Efek samping yang kedua dari asetosal atau Aspirin, dan sering menimpa anak-anak, adalah terjadinya  Sindrom Reye, suatu penyakit mematikan yang menganggu fungsi otak dan hati. Gejalanya berupa muntah tak terkendali, demam, mengigau dan tak sadar. Banyak studi telah menunjukkan adanya hubungan antara kejadian syndrome Reye pada anak-anak dengan penggunaan aspirin. Memang sih, angka kejadiannya tidak terlalu banyak, tapi sekali terjadi akibatnya sangat fatal. Sehingga, aspirin direkomendasikan untuk tidak digunakan sebagai turun panas pada anak-anak.

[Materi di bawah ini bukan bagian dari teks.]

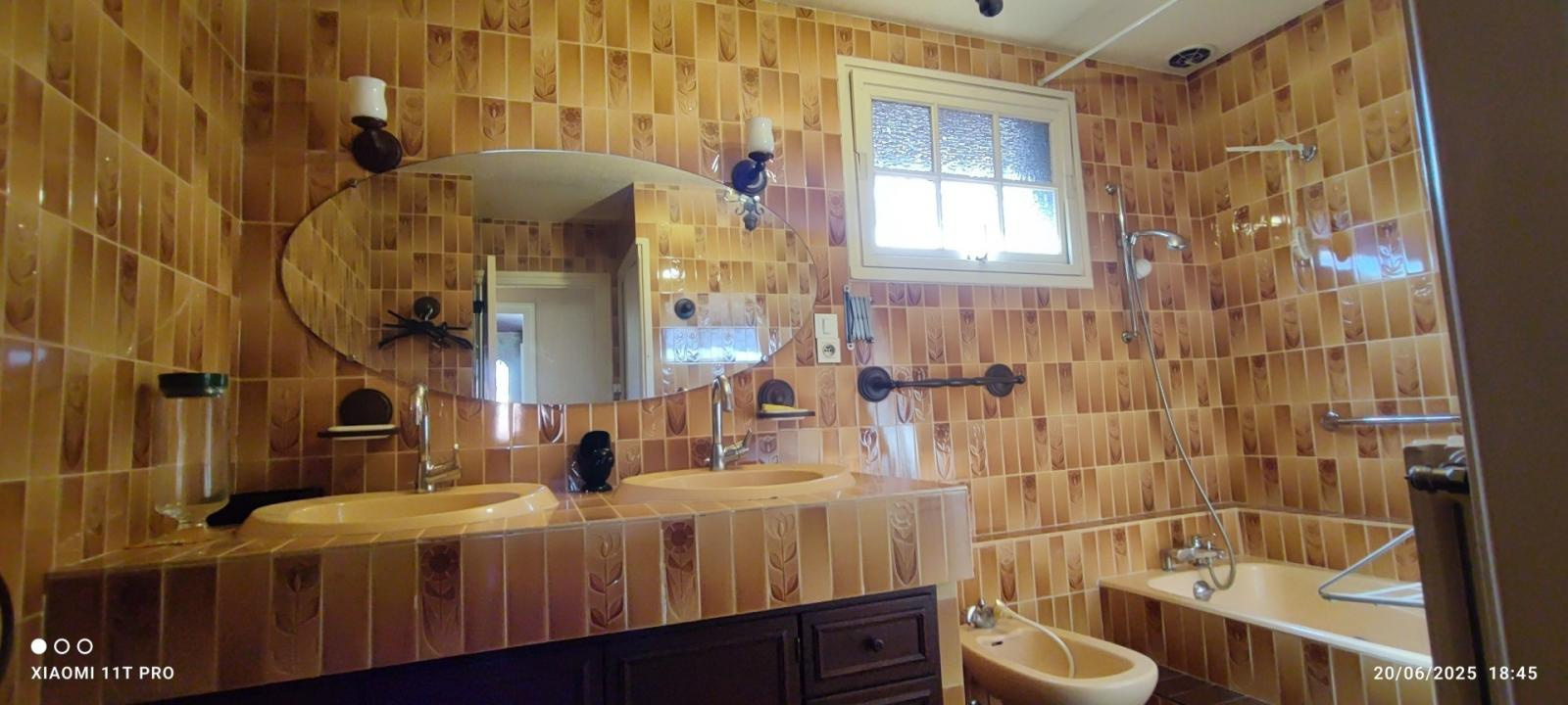 A l'étage, nous retrouvons un hall d'entrée, une cuisine, un salon, un séjour, 4 chambres, une salle de bians, un sanitaire indépendant, un bureau avec placard (surface de 8.09 m²) pouvant servir de chambre et dégagement.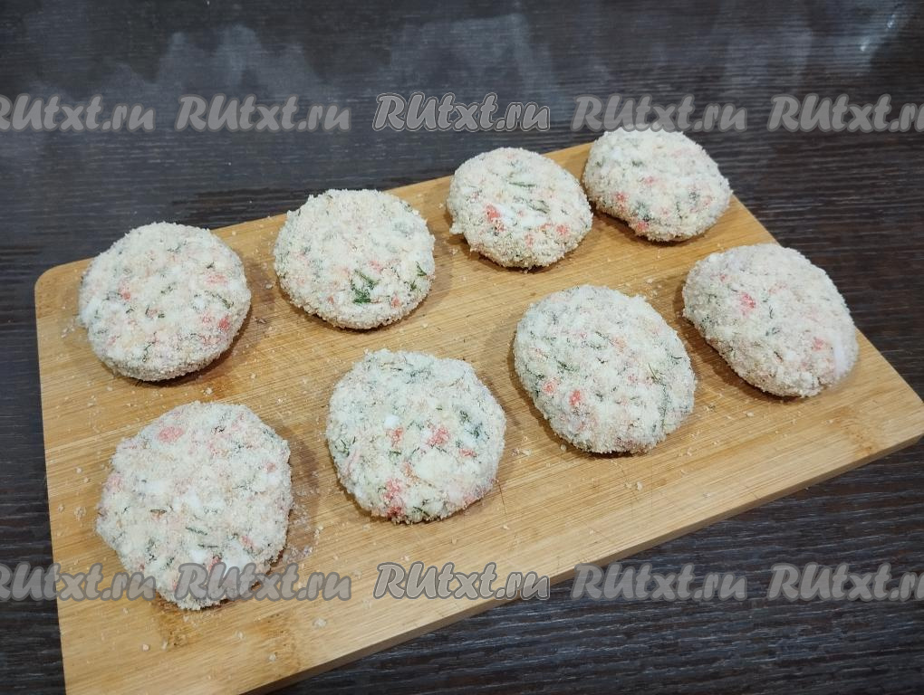 Постепенно формируем и обваливаем в панировочных сухарях все котлеты из крабовых палочек и сыра.

Efek samping asetosal yang ketiga sama dengan obat analgesik golongan AINS lainnya, adalah gangguan lambung, dan pernah dibahas di posting ini.
Hmm…. efek samping berikutnya adalah risiko kekambuhan asma bagi mereka yang punya riwayat asma. Aspirin atau asetosal termasuk salah satu analgesik yang sering dilaporkan memicu kekambuhan asma, sehingga perlu hati-hati juga untuk pasien yang punya riwayat asma.
Kekuatiran lain dari penggunaan asetosal adalah seringkali mereka ditampilkan dalam bentuk seperti permen jeruk. Okelah,…. memang tujuannya supaya anak tidak merasa sedang minum obat, karena seperti makan permen. Tapi justru bisa jadi, karena dianggap permen, anak-anak bisa minta lebih dari dosis yang seharusnya. Jika menyimpannya tidak hati-hati, anak-anak bisa cari sendiri “permen” tadi dan mengkonsumsinya tanpa sepengetahuan ortunya. Sehingga bisa dibayangkan jika asetosal dikonsumsi dalam dosis lebih dari seharusnya…..
Wah, lalu gimana dong?

Obat pilihan untuk turun panas pada anak-anak
Sampai sejauh ini, obat pilihan untuk analgesik dan antipiretik (turun panas) pada anak-anak masing dipegang oleh parasetamol. Obat ini relatif aman dari efek samping seperti yang dijumpai pada aspirin jika dipakai dalam dosis terapi yang normal. Efek sampingnya berupa gangguan hati/liver dapat terjadi hanya jika dipakai dalam dosis yang relatif besar (> 4 gram sehari). Namun perlu diketahui bahwa parasetamol tidak memiliki efek anti radang seperti aspirin atau analgesik OAINS lainnya.

Mengapa parasetamol relatif lebih aman dari efek samping?
Yups….. ada sedikit perbedaan mekanisme aksi parasetamol sebagai analgesik dan antipiretik. Ternyata, selain ada enzim siklooksigenase COX-1 dan COX-2 yang mengkatalisis pembentukan prostaglandin di jaringan, ada pula COX-3, yang lebih banyak terdapat di otak dan sistem saraf pusat. Nah, parasetamol ini ternyata lebih spesifik menghambat COX-3 yang ada di otak tadi, sehingga menghambat produksi prostaglandin yang akan mengacau termostat di hipotalamus tadi. Kerja ini menghasilkan efek menurunkan demam. Selain itu, karena prostaglandin juga terlibat dalam menurunkan ambang rasa nyeri, maka penghambatan prostaglandin dapat memberikan efek anti nyeri atau analgesik. Karena spesifik pada COX-3, tidak menghambat COX-2, maka efeknya sebagai anti radang di jaringan jadi kecil. Di sisi lain, karena juga tidak menghambat COX-1, maka efeknya terhadap gangguan lambung juga kecil karena tidak mempengaruhi produksi prostaglandin jaringan yang dibutuhkan untuk melindungi mukosa lambung. Juga tidak memiliki efek mengencerkan darah. Jadilah,… parasetamol relatif aman terhadap efek samping lambung, perdarahan, asma, dan juga syndrom Reye, dan merupakan pilihan yang aman dan tepat untuk obat turun panas dan analgesik pada anak-anak.

Demikianlah kira-kira pemilihan obat analgesik dan antipiretika yang tepat untuk anak-anak. Semoga bermanfaat.